Yola Letellier | |
Birth Name: | Yvonne Henriquet |
Birth Date: | 28 June 1904 |
Occupation: | Socialite |
Known For: | Inspiration for Gigi by Colette |
Spouse: | Henri Letellier |
Partner: | István Horthy Louis Mountbatten, 1st Earl Mountbatten of Burma |
Yola Letellier (born Yvonne Henriquet (also spelled Henriquez or Henriques), 28 June 1904 – 5 June 1996)[1] [2] was a French socialite and the wife of a newspaper owner.
Yola is widely credited as the model for the main character in Colette's 1944 novella, Gigi.[3] [4] As such, she became the basis of a 1949 French film in which Gigi was played by Danièle Delorme; a 1951 stage adaptation by Anita Loos, in which Colette cast the as-yet-unknown Audrey Hepburn to play Gigi; and an Academy Award-winning 1958 musical film starring Leslie Caron with a score by Alan Jay Lerner and Frederick Loewe.[5]
In the novella, Gigi is a teenager educated to be a French courtesan, to provide companionship and intellectual stimulation as well as sex, who marries an older wealthy man.[6] In real life, Yola married, 36 years her senior, who was a wealthy investor, owner of Le Journal, a stylish Parisian newspaper, and mayor of Deauville from 1925 to 1928. Letellier's family also owned hotels and casinos in Normandy.[7]
Yola had affairs with other men, including one with Lord Louis Mountbatten, from 1932 until his death in 1979.[8]
Henri Letellier (1868–1960) was honored in 1904 as a Knight of the French Legion of Honor for his services as an entrepreneur in French Indochina. In 1913 he was further honored as an Officer of the Legion of Honor.[9]
Yola was Letellier's third wife.[10] Colette observed the newlyweds Yola and Henri in 1926 at a hotel near Saint-Raphael, where they all were guests. [2] After the wedding Yola was reported to have been a ballerina at the Paris Opera from an early age.[4]
Described as an "extremely attractive, boyish-looking girl with cropped hair and a little snub nose", Yola was among those photographed by the pioneering French street fashion photographers Frères Séeberger, wearing clothes from fashion houses such as Chanel.[4]
The Letelliers reportedly maintained a normal family life in the French upper-class tradition, albeit one where extra-marital affairs were accepted.When Henri died in 1960, Yola became wealthy in her own right.

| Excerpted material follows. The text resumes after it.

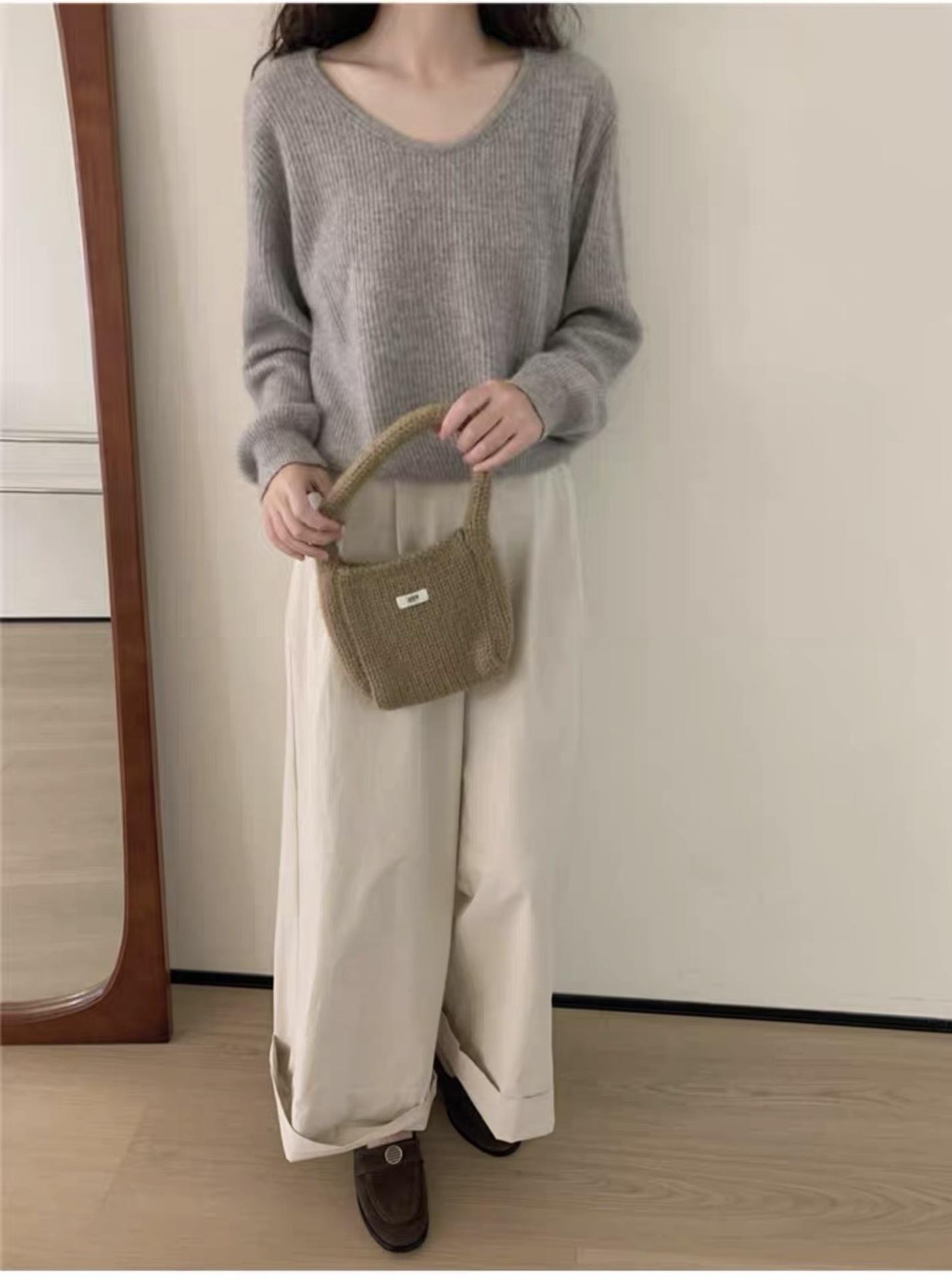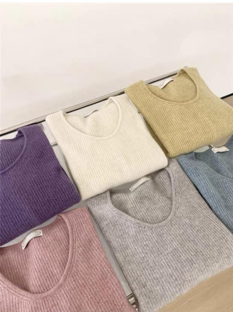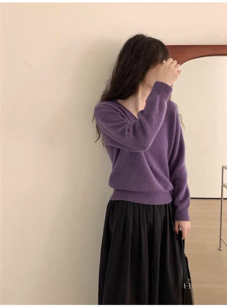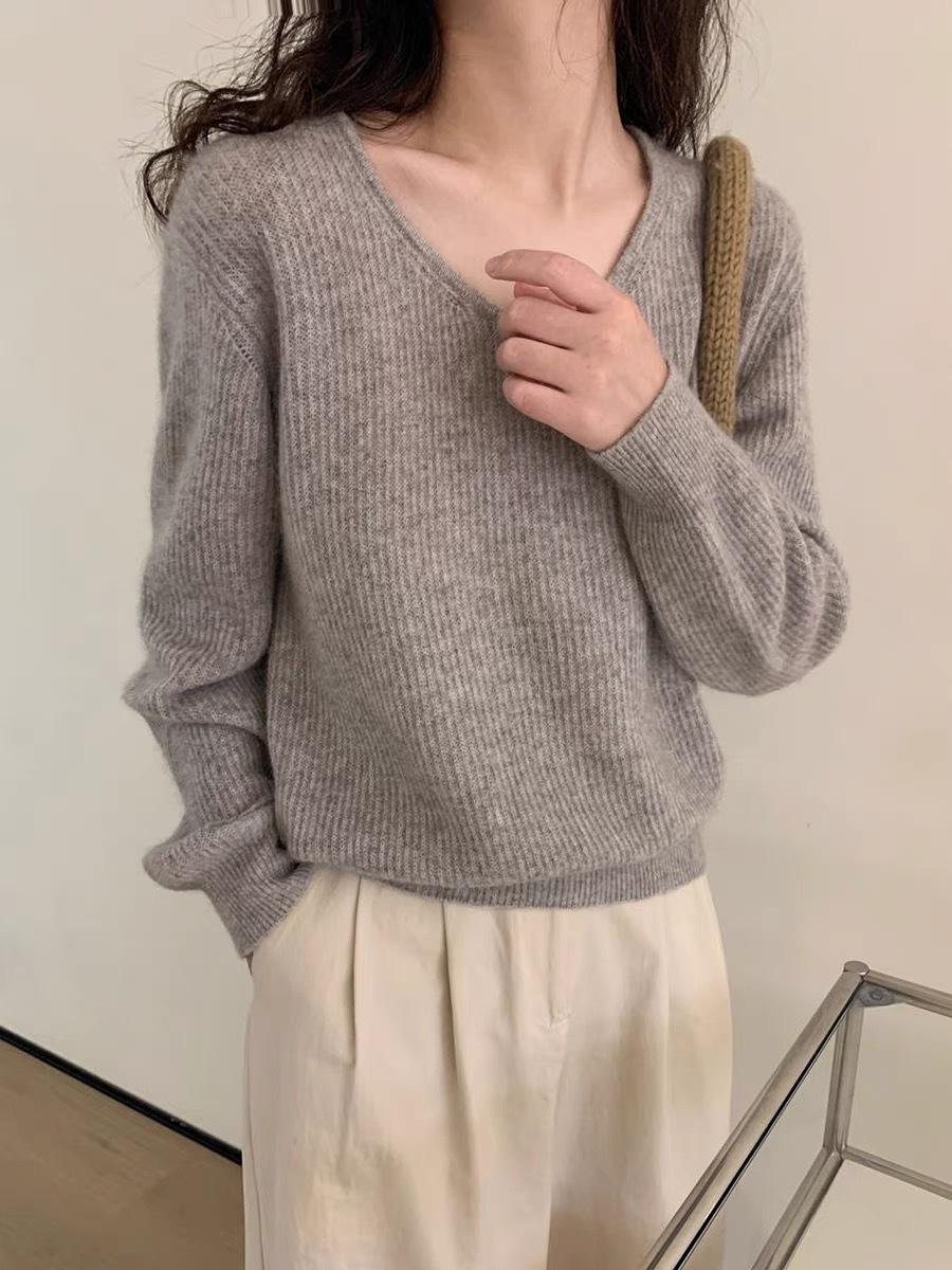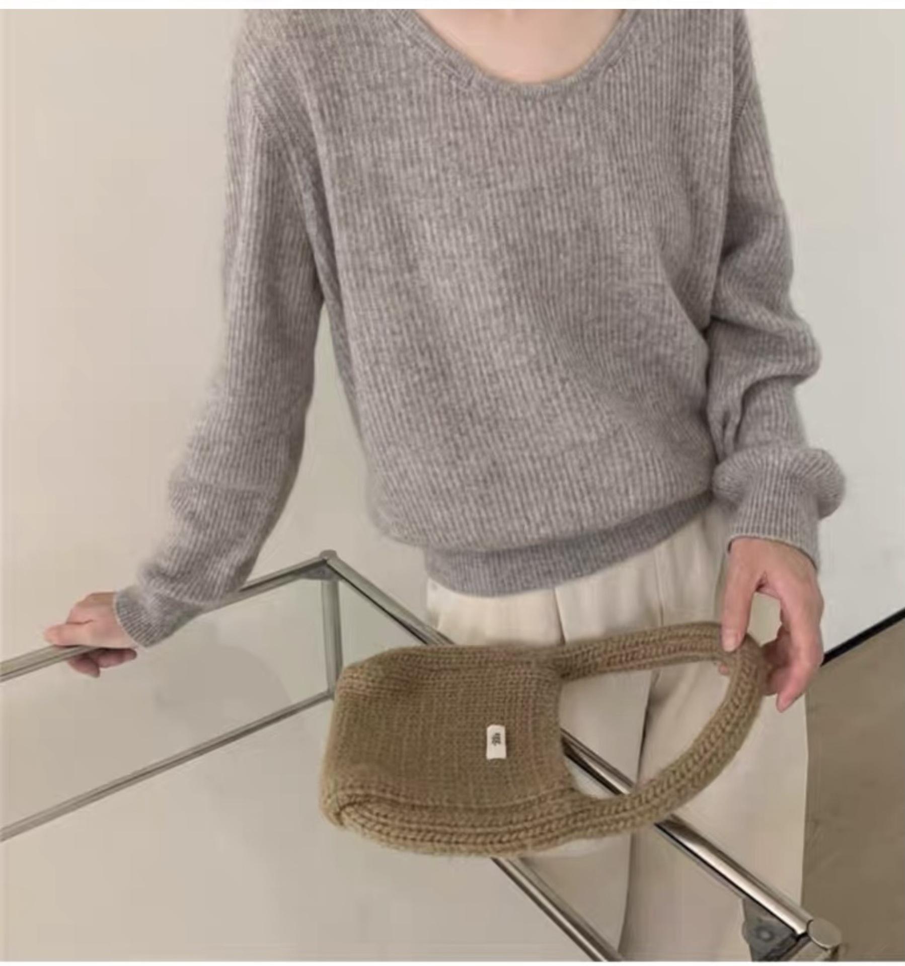 Suéter elegante de lana pura con cuello en U para otoño e invierno, suéter holgado de moda de color sólido, suéter de nicho, camisa interior de punto con base elegante

Yola simultaneously maintained three relationships: with her husband, with her "official lover" Etienne de Horthy (killed in World War II), son of Hungarian regent Miklos Horthy, and with Lord Louis Mountbatten. Mary Jayne Gold, a close friend Yola met skiing in Davos, introduced her to de Horthy.
Yola and Mountbatten met at a dance in Deauville in 1932, where they danced a Viennese waltz and the other dancers stopped to applaud them. Mountbatten claimed this was his first extra-marital affair. Yola was to be his principal mistress until his death in 1979.[10] [11] Mountbatten, according to one story, installed a pull-out double bed in his 1931 Rolls-Royce Phantom II to entertain Yola.[12]
Louis Mountbatten and his wife, Edwina, maintained an unusual family relationship. Soon after Mountbatten's affair with Yola began, Edwina confronted Yola in Paris with a surprising result. "Your girl is sweet," Edwina wrote to her husband "and I like her and we got on beautifully and are now gummed and I am lunching with her at her house on Tuesday!!!"[10] Yola became a close friend of both Mountbattens, as well as their two children.[7] [13] "Yola did not live with us but would visit frequently, bringing us charming gifts," according to the younger daughter, Pamela.[14] [15] The gifts included a French peasant dress and a short-hair dachshund.Edwina and the children even visited Yola and Henri Letellier at their home in France.